Exercise brief — Without including any images, output the listing below exactly.

Stored data —
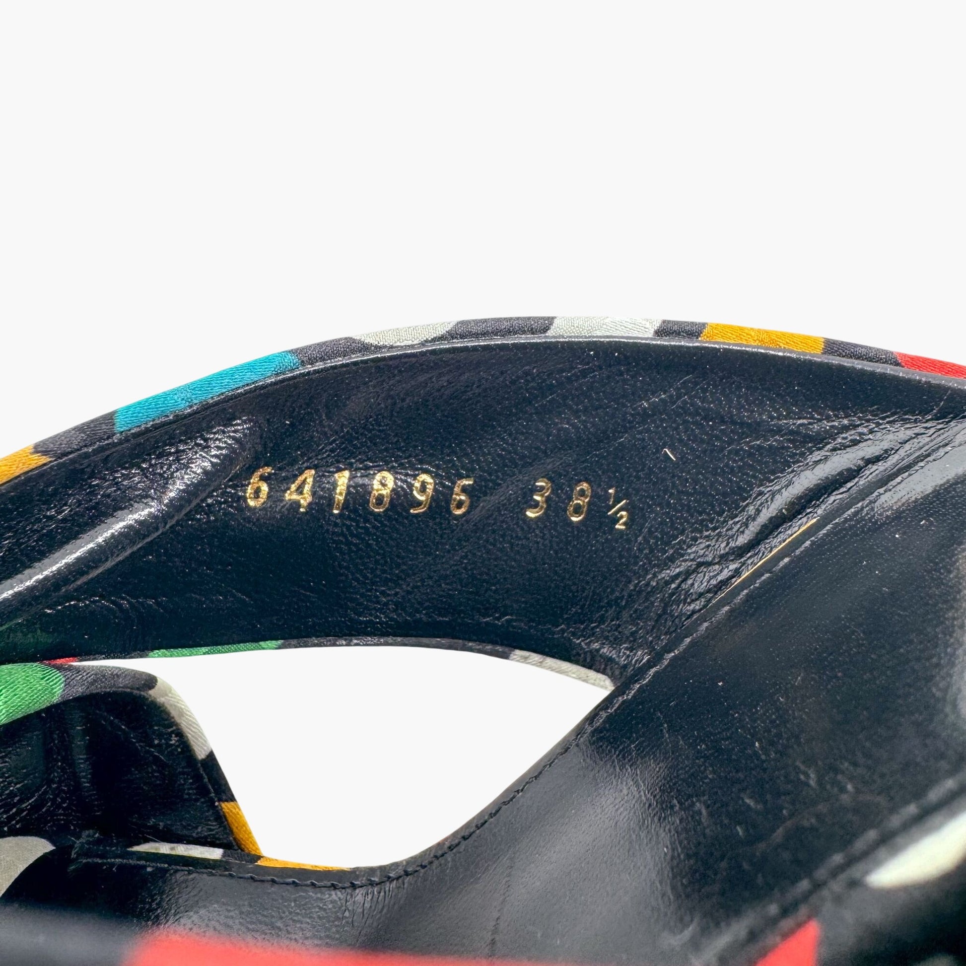These Saint Laurent Bianca 100 mule sandals feature black satin uppers with a playful multicolor heart print. Designed with a knotted strap, open round toe, and high block heel, they bring a fun yet sophisticated edge to summer outfits, resort wear, or evening looks.
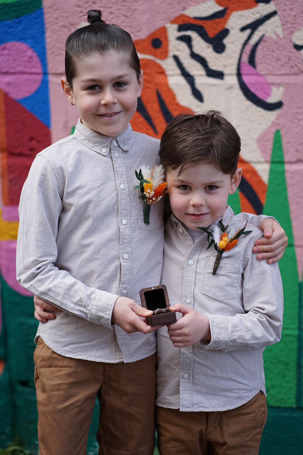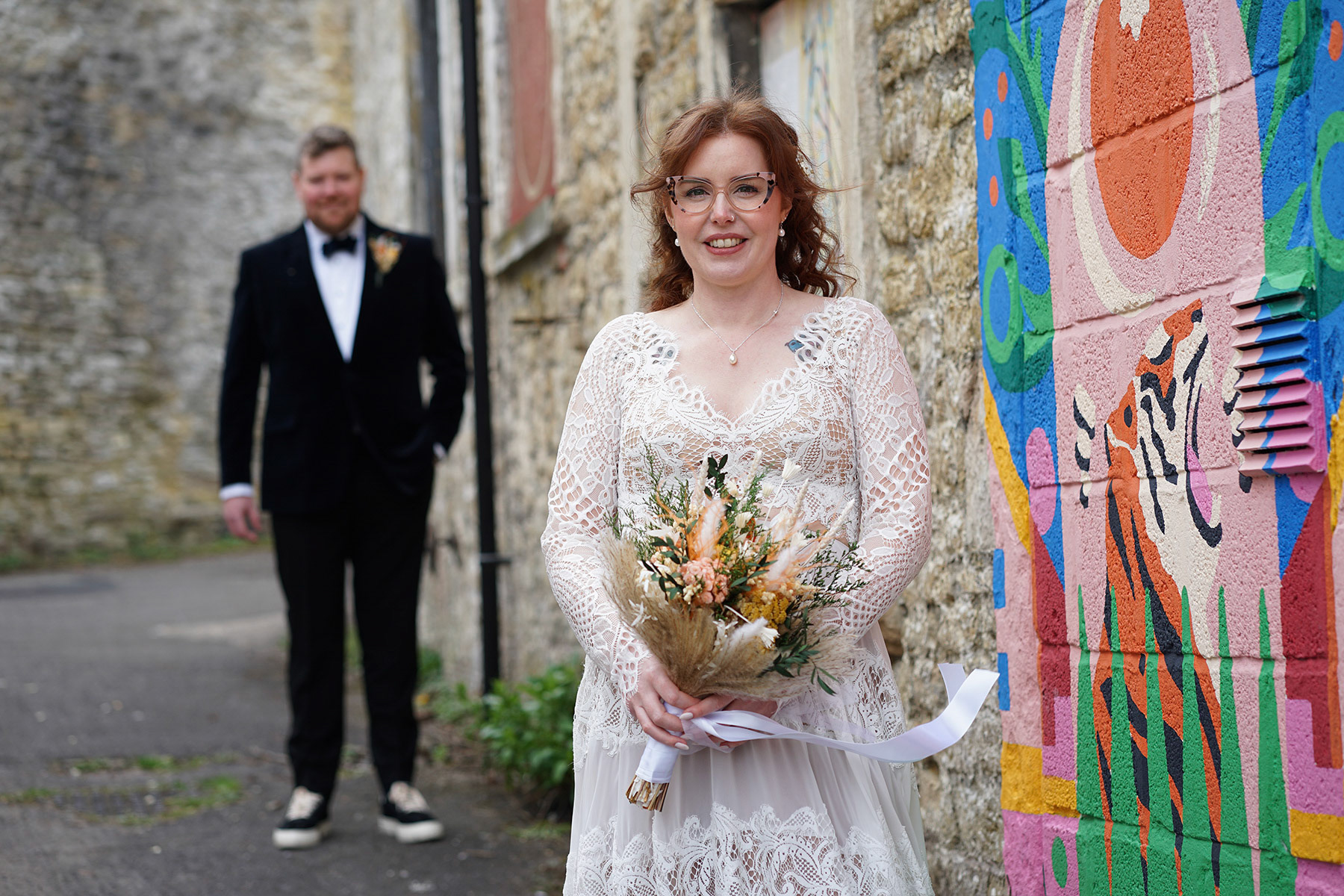 I love the exposed brick walls, as well as stunning outdoor and indoor space for your guests. An amazing mixture of industrial buildings and beautiful colour for the art and tiger mural make for memorable backdrops.
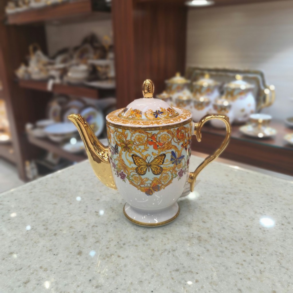 سرویس چایخوری17پارچه طرح پروانه فیروزه ای55527
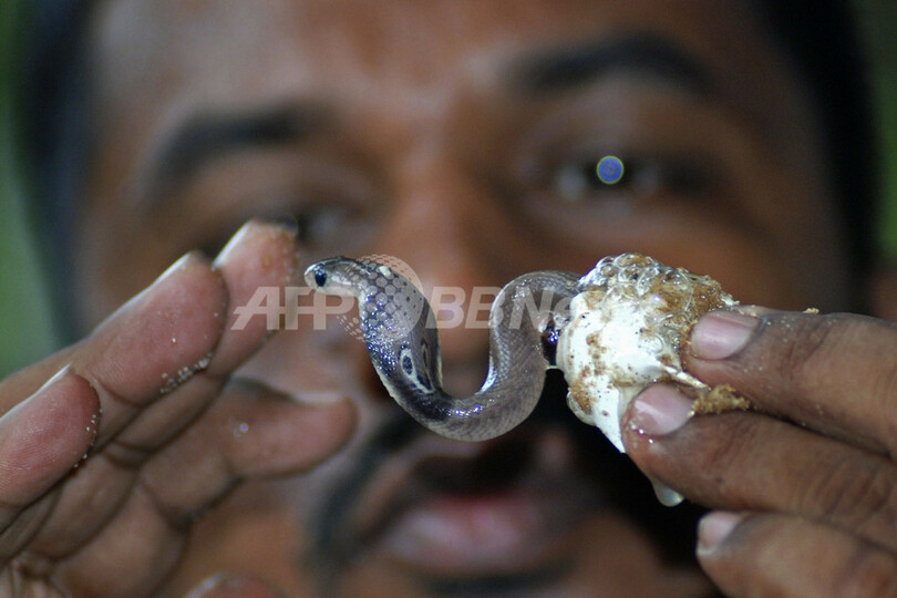 【6月14日 AFP】インド・ブバネシュワル(Bhubaneswar)郊外で11日、インドコブラの赤ちゃんが卵からかえる瞬間が撮影された。毒ヘビのインドコブラはインド、パキスタン、バングラデシュ、スリランカなど南アジアに分布する。(c)AFP

Response —
These Saint Laurent Bianca 100 mule sandals feature black satin uppers with a playful multicolor heart print. Designed with a knotted strap, open round toe, and high block heel, they bring a fun yet sophisticated edge to summer outfits, resort wear, or evening looks.
 I love the exposed brick walls, as well as stunning outdoor and indoor space for your guests. An amazing mixture of industrial buildings and beautiful colour for the art and tiger mural make for memorable backdrops.
 سرویس چایخوری17پارچه طرح پروانه فیروزه ای55527
 【6月14日 AFP】インド・ブバネシュワル(Bhubaneswar)郊外で11日、インドコブラの赤ちゃんが卵からかえる瞬間が撮影された。毒ヘビのインドコブラはインド、パキスタン、バングラデシュ、スリランカなど南アジアに分布する。(c)AFP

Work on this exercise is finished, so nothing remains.